Modernism refers to the style and ideology of art produced between the 1860s and the 1970s.

As traditional art forms had become outdated due to industrialisation, the modernism art movement emerged in Western Europe out of a need to reject tradition and embrace the political, social, and economic change of the industrial age.

Modernism & Social Class

In stark opposition to their predecessors of the academic movement, the radical modernists, often referred to as “progressives”, were critical of political and religious institutions.

Regarding institutions as restrictive of individual liberty, they used their art to challenge all authority, reject conservative values and reflect the injustices of contemporary society.

Focusing on the plight of the poorer ranks and the smugness of the middle class, the progressive modernists painted pictures vividly showing the exploitation of the poor and the ills of a society caught up in the past. In doing so, they intended to educate the public on the Enlightenment ideals of freedom and equality.

The Avant-Garde Movement

Progressive modernism soon came to be referred to as the avant-garde movement. Modernists consciously rejected tradition and saw themselves as leaders of the future.

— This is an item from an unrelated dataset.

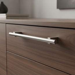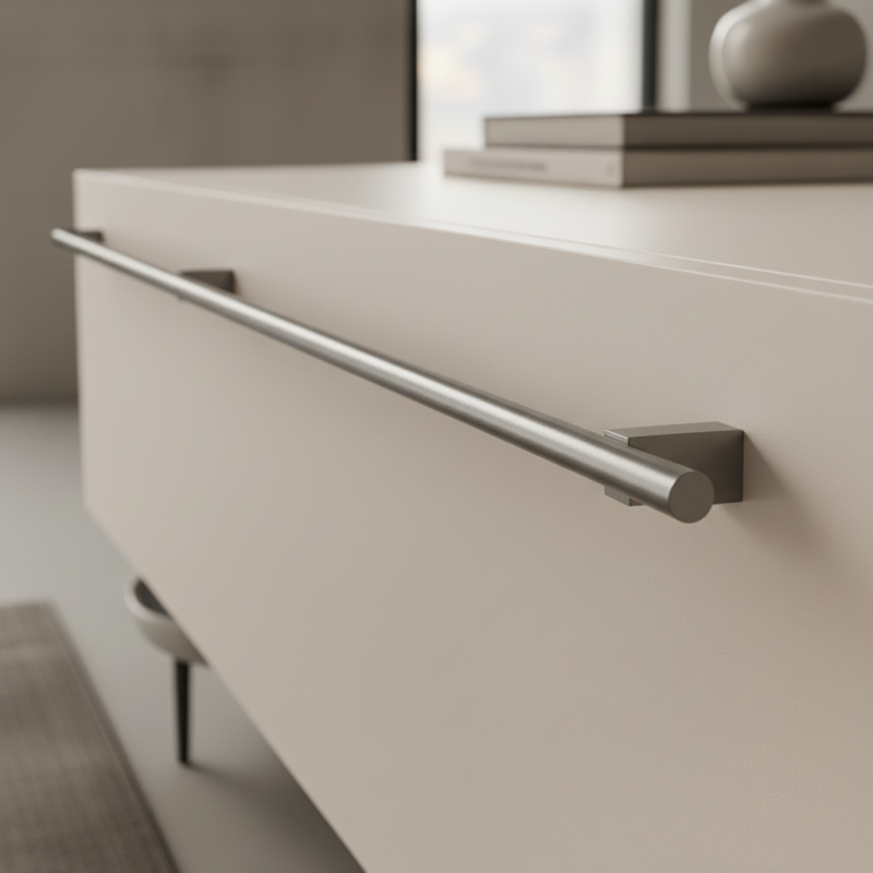Der Griff GUANA in der Ausführung mattes Chrom vereint einen eleganten Metall-Look mit einer minimalistischen Form. Er wirkt modern, klar und universell – passt perfekt zu hellen und dunklen Möbeldekoren. Dank des sehr schlanken Profils sieht er besonders raffiniert aus und ist die ideale Wahl für Kleiderschränke, Einbauschränke oder hohe Küchentüren.

However, following the catastrophic failure of the First World War, the avant-garde’s faith in science and technology as a path to a better world was proved to be very wrong, prompting the emergence of the Dada movement and post-modernist modes of thought.

Following their failure, the avant-garde movement became very liberal, placing an even stronger focus on freedom of expression and the demands of equality.

Evolution of Modernism

Soon it was pronounced that art should be produced not for the sake of the public, but for art’s sake.

That said, they went strongly against the idea that art should be made to instruct, moralise, or delight, and it was soon spoken of in terms of colour, line, shape, space and composition.

It was argued that while the function of art is to preserve the values and sensibilities of humankind, it should try and detach itself from the wicked influences of the technological culture. Eventually this led to the notion of modernist art being practised entirely within a closed formalist sphere and separated from the real world.

As artists were seen to have the ability to express the finer things of modern life through a “purely visual” form of expression, modernism achieved a self-referential autonomy.

Art was soon seen to act as a tool from social betterment, thus it needed to be understood by as many people as possible.

With the “true” meaning behind the image deemed the most important aspect, some artists went to great lengths to search for this essence of art.

Noteworthy Modernist Artists

Distracting elements were stripped away from images, as in the work of Wassily Kandinsky, and basic elements were enhanced, as seen in Piet Mondrian’s approach in Composition A, 1923.

However, while many modernist artists were preoccupied with depicting truth through their art, abstraction was a path to another goal. It involved the stripping away of the material world and alluded to the world of spirit. The art of Pablo Picasso best epitomises this.

The Downfall of Modernism

Despite the success of progressive modernism in depicting truth and the essence of art, towards the end of the twentieth century, it became riddled with doubt as more conservative modernists fell under the influence of the church.

The modernists continued to see tradition and the past as stifling to the expression of freedom and following the events of World War Two, Vietnam and Cold War, it was seen to be flawed, corrupt and directionless. Their optimism in the future or any sort of future for mankind was increasingly difficult to maintain.

Though Modernism had almost become an obsolete form of expression, it did not die out completely, but instead paved the way for Postmodernism which was in many respects, a revision of modernist ideals.